Using the data below, transcribe exactly everything from the line that contains "まずルールとしては、沢山積ま" down to the line that contains "Chaussettes classiques bleues". Include both of those lines and none of the pictures.

Task data
★ ★ ★ ★ ★ ★ ★

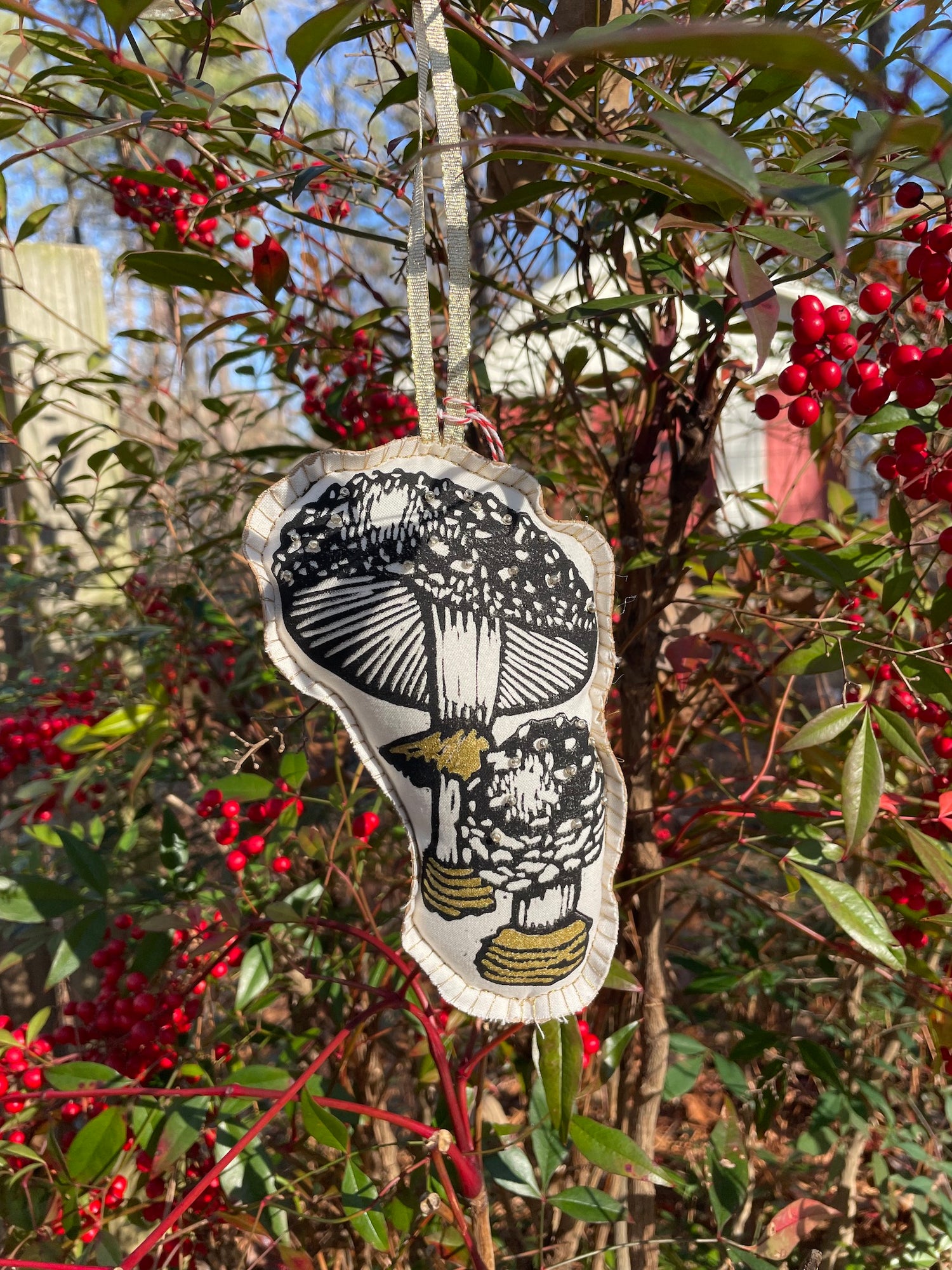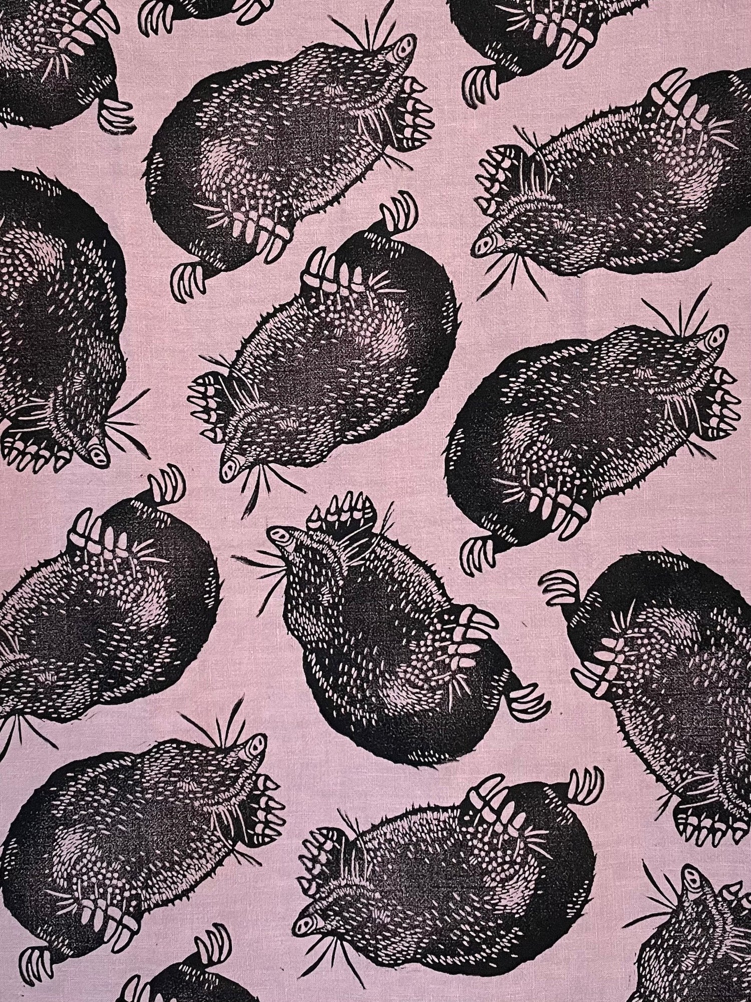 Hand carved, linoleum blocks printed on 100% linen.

★ ★ ★ ★ ★ ★ ★

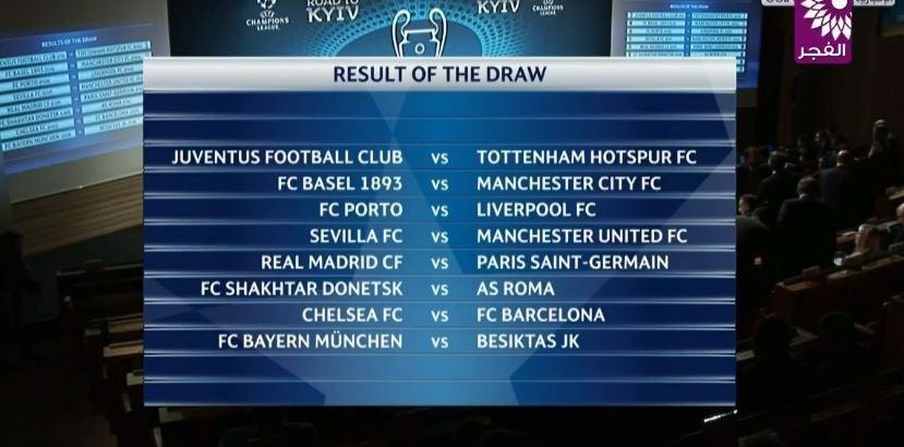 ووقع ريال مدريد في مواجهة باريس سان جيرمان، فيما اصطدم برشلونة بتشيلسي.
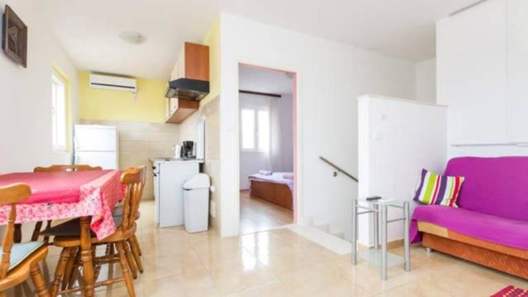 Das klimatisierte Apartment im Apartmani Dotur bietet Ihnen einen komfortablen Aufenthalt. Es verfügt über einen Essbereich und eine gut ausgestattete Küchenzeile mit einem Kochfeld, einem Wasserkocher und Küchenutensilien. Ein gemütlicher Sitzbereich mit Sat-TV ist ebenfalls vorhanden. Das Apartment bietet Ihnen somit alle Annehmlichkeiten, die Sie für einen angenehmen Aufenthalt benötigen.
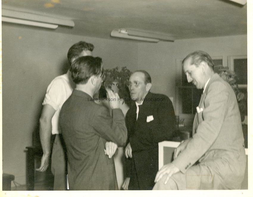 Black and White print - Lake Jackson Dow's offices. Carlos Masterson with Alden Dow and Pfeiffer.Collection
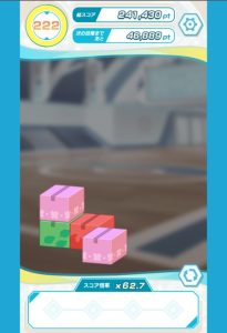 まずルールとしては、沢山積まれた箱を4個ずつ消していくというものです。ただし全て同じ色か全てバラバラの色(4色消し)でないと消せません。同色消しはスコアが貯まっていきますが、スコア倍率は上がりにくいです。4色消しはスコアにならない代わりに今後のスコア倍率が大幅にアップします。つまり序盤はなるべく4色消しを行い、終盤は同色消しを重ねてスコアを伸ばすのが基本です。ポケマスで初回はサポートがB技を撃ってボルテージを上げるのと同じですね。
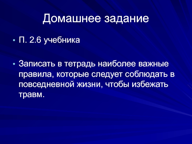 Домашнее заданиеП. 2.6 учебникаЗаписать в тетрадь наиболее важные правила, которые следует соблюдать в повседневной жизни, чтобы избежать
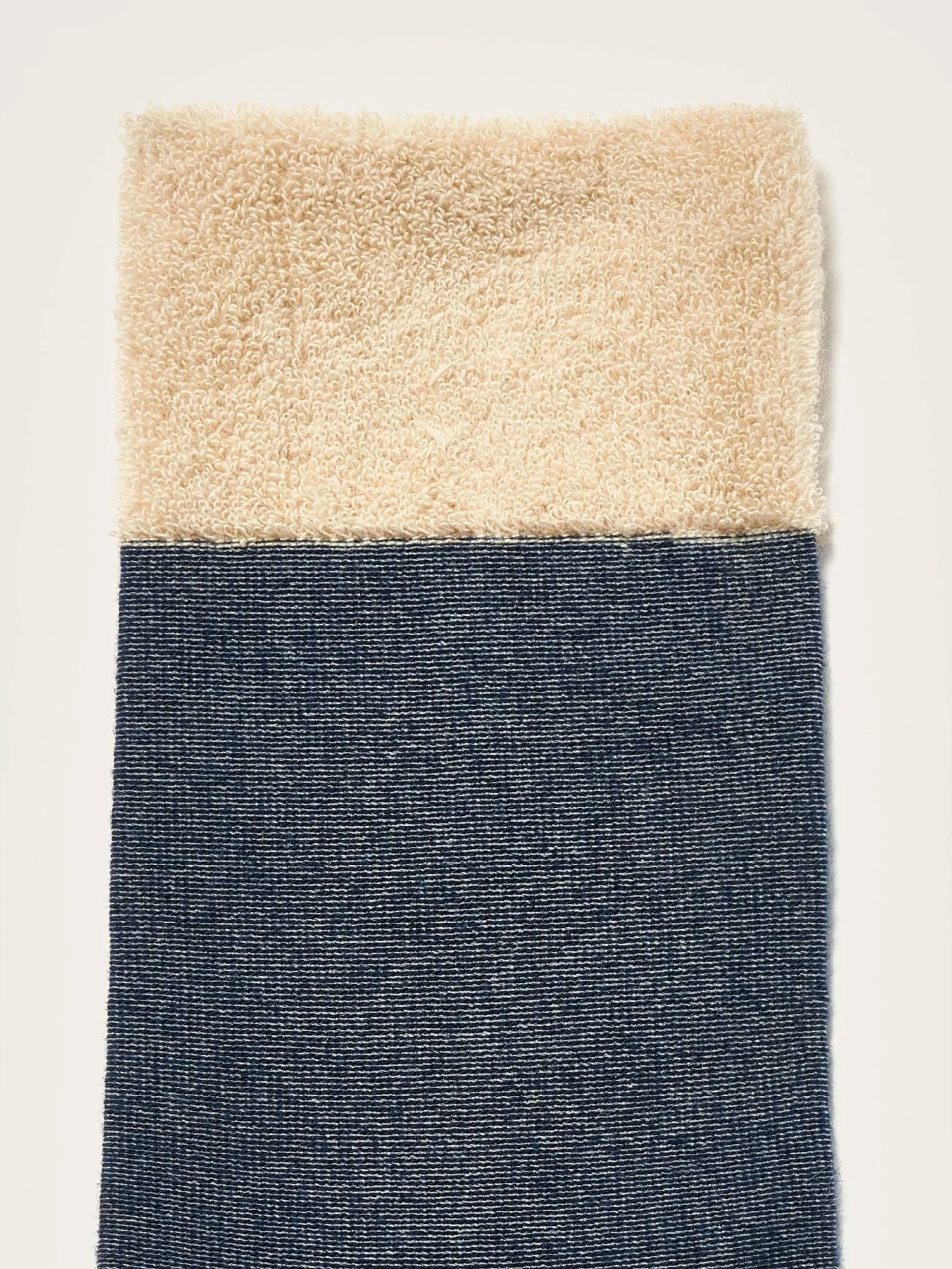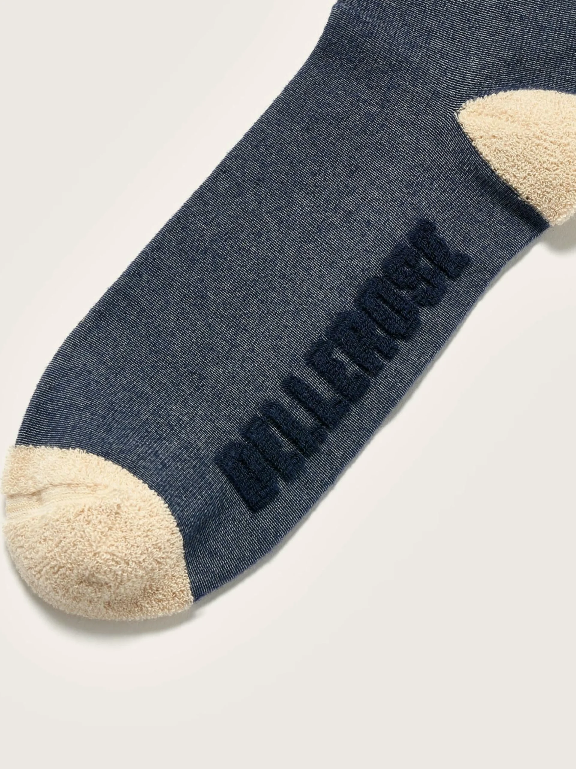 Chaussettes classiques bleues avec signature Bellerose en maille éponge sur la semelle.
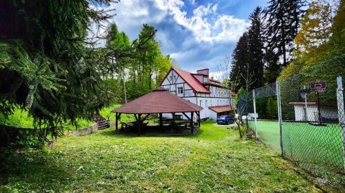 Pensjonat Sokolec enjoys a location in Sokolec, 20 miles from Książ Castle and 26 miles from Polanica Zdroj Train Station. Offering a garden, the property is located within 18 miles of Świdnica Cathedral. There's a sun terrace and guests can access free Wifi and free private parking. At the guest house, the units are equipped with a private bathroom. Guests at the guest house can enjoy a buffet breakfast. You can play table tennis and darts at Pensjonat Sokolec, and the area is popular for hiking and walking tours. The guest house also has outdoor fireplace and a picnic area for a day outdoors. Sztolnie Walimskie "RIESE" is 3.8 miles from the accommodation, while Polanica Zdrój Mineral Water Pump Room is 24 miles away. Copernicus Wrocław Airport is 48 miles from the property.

★ ★ ★ ★ ★ ★ ★

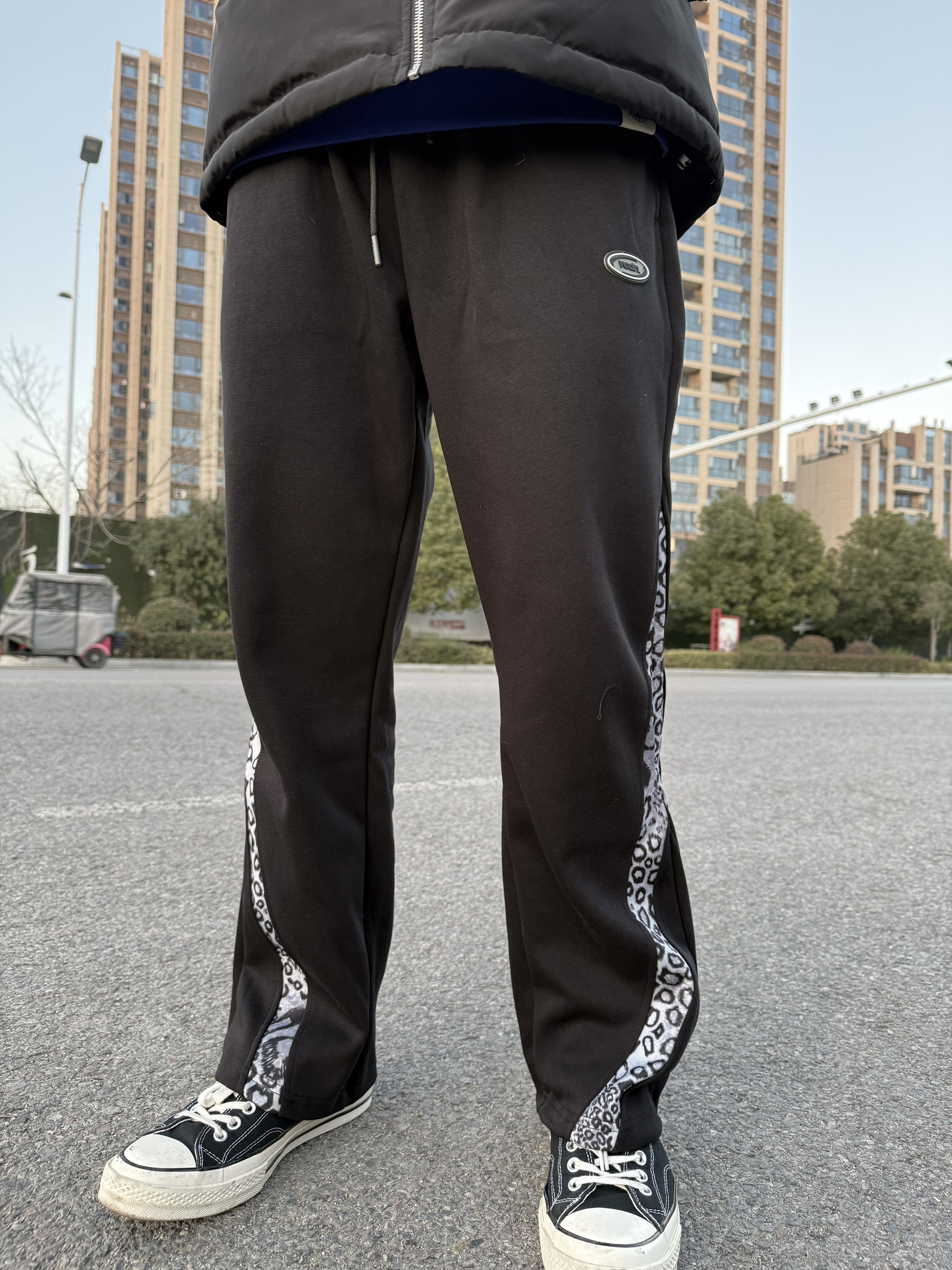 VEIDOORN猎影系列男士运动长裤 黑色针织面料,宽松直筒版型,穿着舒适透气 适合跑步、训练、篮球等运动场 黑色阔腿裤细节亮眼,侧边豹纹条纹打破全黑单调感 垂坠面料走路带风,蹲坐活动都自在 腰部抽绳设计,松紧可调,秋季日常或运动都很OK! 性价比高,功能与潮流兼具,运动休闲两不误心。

★ ★ ★ ★ ★ ★ ★

Finished task
 まずルールとしては、沢山積まれた箱を4個ずつ消していくというものです。ただし全て同じ色か全てバラバラの色(4色消し)でないと消せません。同色消しはスコアが貯まっていきますが、スコア倍率は上がりにくいです。4色消しはスコアにならない代わりに今後のスコア倍率が大幅にアップします。つまり序盤はなるべく4色消しを行い、終盤は同色消しを重ねてスコアを伸ばすのが基本です。ポケマスで初回はサポートがB技を撃ってボルテージを上げるのと同じですね。
 Домашнее заданиеП. 2.6 учебникаЗаписать в тетрадь наиболее важные правила, которые следует соблюдать в повседневной жизни, чтобы избежать
 Chaussettes classiques bleues avec signature Bellerose en maille éponge sur la semelle.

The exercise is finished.